++++ Data excerpt ++++

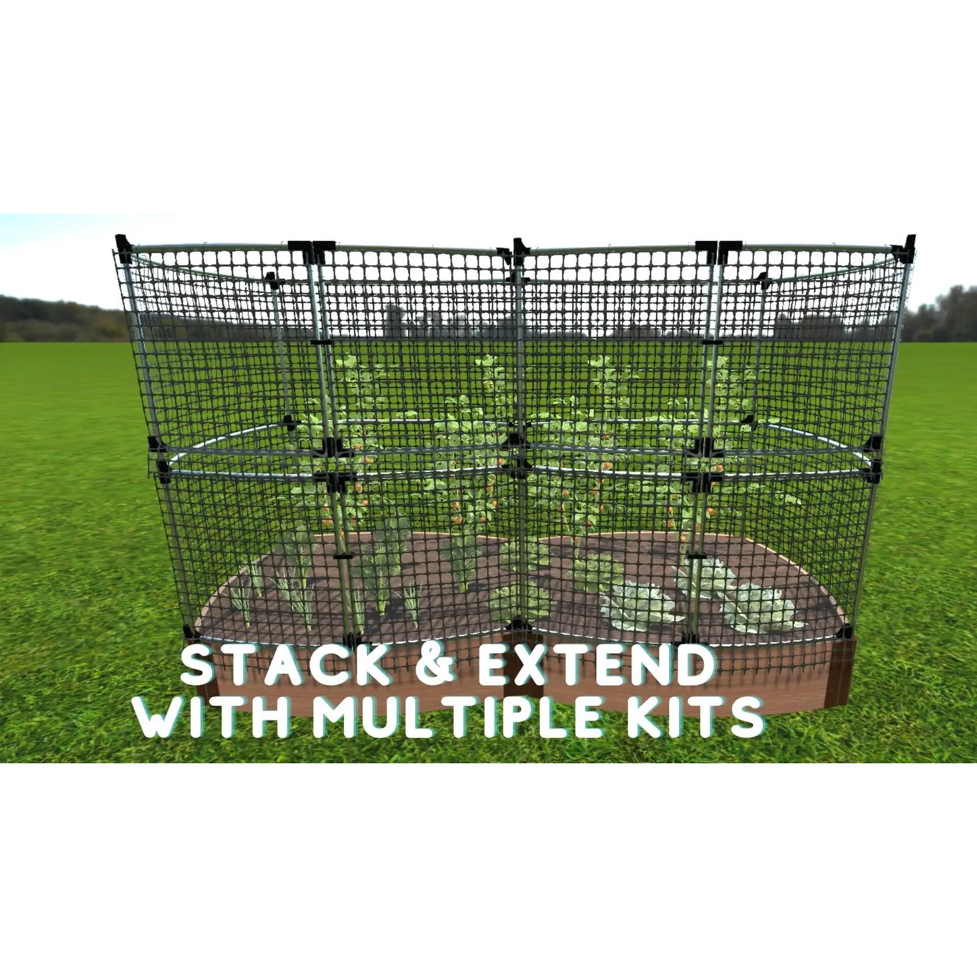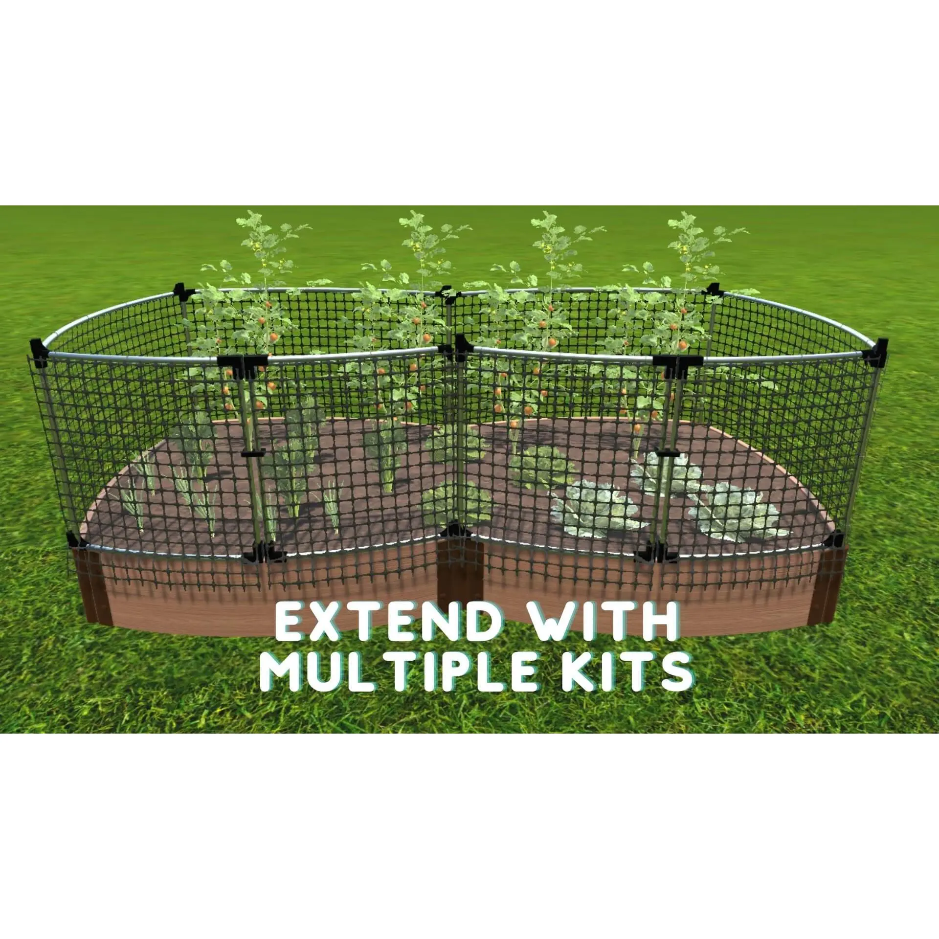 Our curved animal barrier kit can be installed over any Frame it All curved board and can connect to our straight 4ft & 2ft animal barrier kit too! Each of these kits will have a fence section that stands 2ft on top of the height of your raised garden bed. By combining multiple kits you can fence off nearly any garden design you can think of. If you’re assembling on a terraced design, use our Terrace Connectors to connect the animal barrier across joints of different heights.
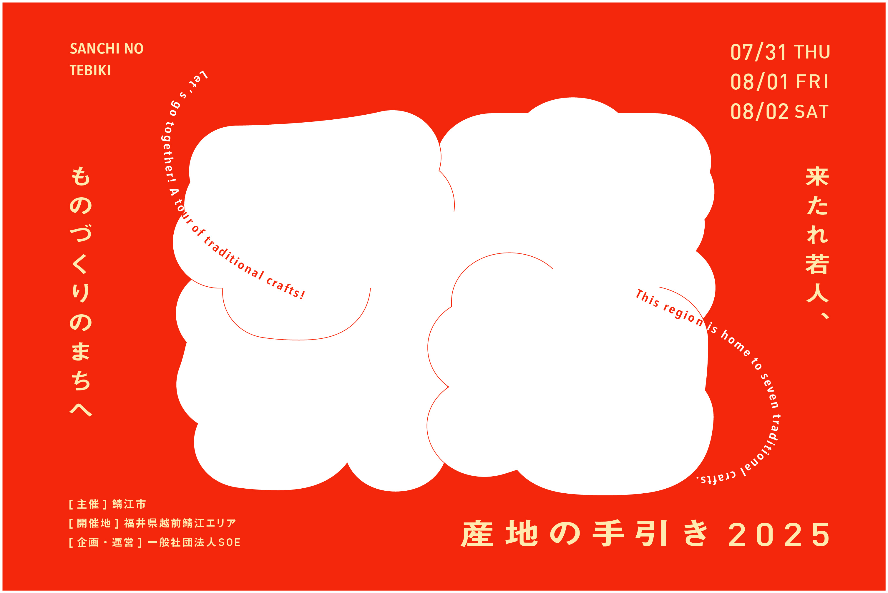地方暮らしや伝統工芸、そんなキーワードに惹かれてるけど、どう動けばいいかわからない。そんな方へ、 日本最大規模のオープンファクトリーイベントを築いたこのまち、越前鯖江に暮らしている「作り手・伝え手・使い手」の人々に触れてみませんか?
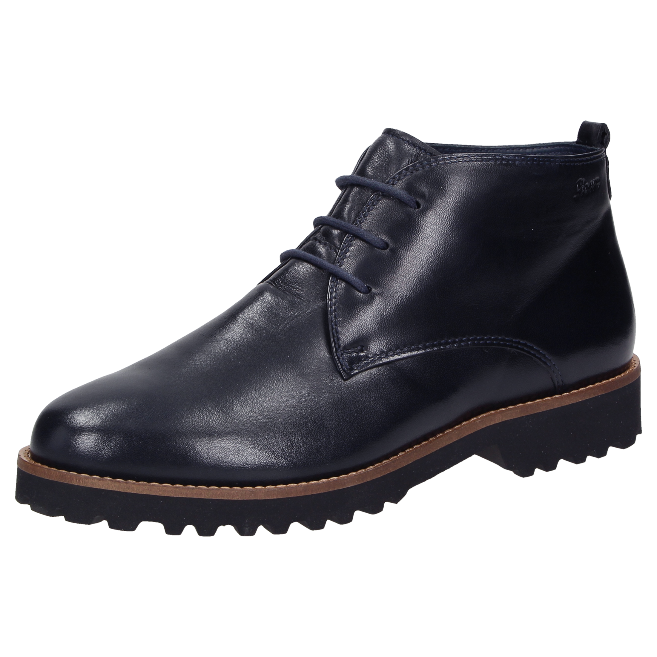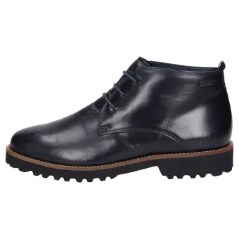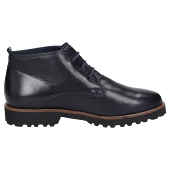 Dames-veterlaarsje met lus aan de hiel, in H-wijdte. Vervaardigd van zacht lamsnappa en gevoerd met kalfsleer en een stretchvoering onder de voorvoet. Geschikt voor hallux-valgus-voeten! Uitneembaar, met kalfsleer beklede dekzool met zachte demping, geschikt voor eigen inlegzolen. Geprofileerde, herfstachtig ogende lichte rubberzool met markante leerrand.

++++

Every line above is to be repeated exactly, but no picture is to appear in the copy.

 Our curved animal barrier kit can be installed over any Frame it All curved board and can connect to our straight 4ft & 2ft animal barrier kit too! Each of these kits will have a fence section that stands 2ft on top of the height of your raised garden bed. By combining multiple kits you can fence off nearly any garden design you can think of. If you’re assembling on a terraced design, use our Terrace Connectors to connect the animal barrier across joints of different heights.
地方暮らしや伝統工芸、そんなキーワードに惹かれてるけど、どう動けばいいかわからない。そんな方へ、 日本最大規模のオープンファクトリーイベントを築いたこのまち、越前鯖江に暮らしている「作り手・伝え手・使い手」の人々に触れてみませんか?
 Dames-veterlaarsje met lus aan de hiel, in H-wijdte. Vervaardigd van zacht lamsnappa en gevoerd met kalfsleer en een stretchvoering onder de voorvoet. Geschikt voor hallux-valgus-voeten! Uitneembaar, met kalfsleer beklede dekzool met zachte demping, geschikt voor eigen inlegzolen. Geprofileerde, herfstachtig ogende lichte rubberzool met markante leerrand.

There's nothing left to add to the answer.